| ASSIGNED TASK |
Below are some records; quote exactly the lines from the one that contains "截至2022年03月30日晚" through the one that contains "2、MicroPulite® Perfect T3", inclusive, and no others.

| DATA SUPPLIED |
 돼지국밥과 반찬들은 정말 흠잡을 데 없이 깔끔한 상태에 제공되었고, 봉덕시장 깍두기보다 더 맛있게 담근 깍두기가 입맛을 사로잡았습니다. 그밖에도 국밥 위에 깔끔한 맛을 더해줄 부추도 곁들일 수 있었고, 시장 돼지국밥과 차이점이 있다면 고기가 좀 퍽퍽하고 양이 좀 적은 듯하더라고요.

==

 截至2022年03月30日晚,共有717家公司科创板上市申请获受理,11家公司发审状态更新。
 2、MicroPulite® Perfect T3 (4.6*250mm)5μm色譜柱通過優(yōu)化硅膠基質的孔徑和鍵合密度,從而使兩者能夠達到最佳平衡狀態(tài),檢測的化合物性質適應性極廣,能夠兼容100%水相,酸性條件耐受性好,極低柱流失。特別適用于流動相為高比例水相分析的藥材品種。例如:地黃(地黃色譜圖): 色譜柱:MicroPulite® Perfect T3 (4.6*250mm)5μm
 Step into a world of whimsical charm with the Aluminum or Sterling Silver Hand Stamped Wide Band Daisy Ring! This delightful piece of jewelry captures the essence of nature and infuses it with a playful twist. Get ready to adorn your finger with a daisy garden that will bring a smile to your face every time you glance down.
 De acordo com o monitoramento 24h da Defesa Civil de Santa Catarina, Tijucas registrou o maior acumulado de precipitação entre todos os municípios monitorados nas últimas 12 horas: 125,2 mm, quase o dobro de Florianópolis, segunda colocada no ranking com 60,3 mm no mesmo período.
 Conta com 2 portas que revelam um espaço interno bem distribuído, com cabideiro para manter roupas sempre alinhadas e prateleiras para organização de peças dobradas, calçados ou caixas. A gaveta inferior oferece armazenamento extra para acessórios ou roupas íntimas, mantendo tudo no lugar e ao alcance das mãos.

| TASK SOLUTION |
 截至2022年03月30日晚,共有717家公司科创板上市申请获受理,11家公司发审状态更新。
 2、MicroPulite® Perfect T3 (4.6*250mm)5μm色譜柱通過優(yōu)化硅膠基質的孔徑和鍵合密度,從而使兩者能夠達到最佳平衡狀態(tài),檢測的化合物性質適應性極廣,能夠兼容100%水相,酸性條件耐受性好,極低柱流失。特別適用于流動相為高比例水相分析的藥材品種。例如:地黃(地黃色譜圖): 色譜柱:MicroPulite® Perfect T3 (4.6*250mm)5μm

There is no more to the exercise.